YOUR INSTRUCTIONS: Set down the data below in full and exactly, minus the pictures.

INFORMATION SHOWN:
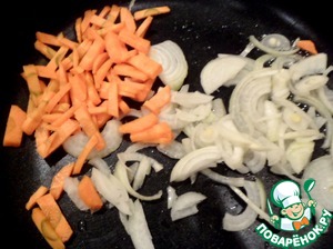 Лук нарезать полукольцами, морковь- соломкой, обжарить на растительном масле.
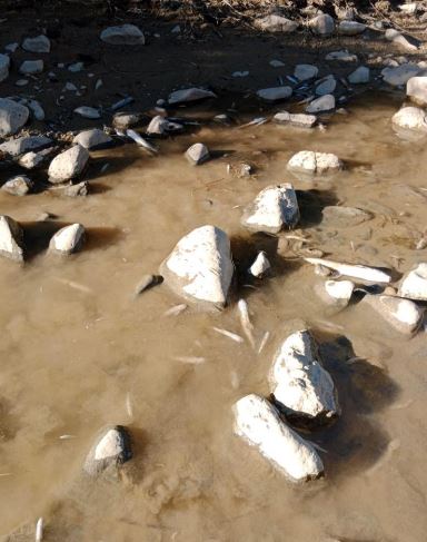 Divriği ilçesi Güneş köyü girişinde kuruyan çayda yüzlerce balık telef oldu. Bölge halkı ise bu duruma isyan etti. Köylüler yetkililere seslenerek önlem alınmasını istedi.
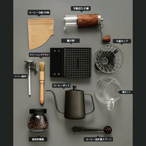 手挽きコーヒーミルセット:650 mlコーヒーポット*1、500 ml雲ポット*1、電子秤*1、ろ過カップ*1、手動豆ひき機*1、密封貯蔵瓶*1、コーヒー温度計*1、コーヒー豆計量スプーン*1、クリーニングブラシ*1...

WRITTEN SOLUTION:
 Лук нарезать полукольцами, морковь- соломкой, обжарить на растительном масле.
 Divriği ilçesi Güneş köyü girişinde kuruyan çayda yüzlerce balık telef oldu. Bölge halkı ise bu duruma isyan etti. Köylüler yetkililere seslenerek önlem alınmasını istedi.
 手挽きコーヒーミルセット:650 mlコーヒーポット*1、500 ml雲ポット*1、電子秤*1、ろ過カップ*1、手動豆ひき機*1、密封貯蔵瓶*1、コーヒー温度計*1、コーヒー豆計量スプーン*1、クリーニングブラシ*1...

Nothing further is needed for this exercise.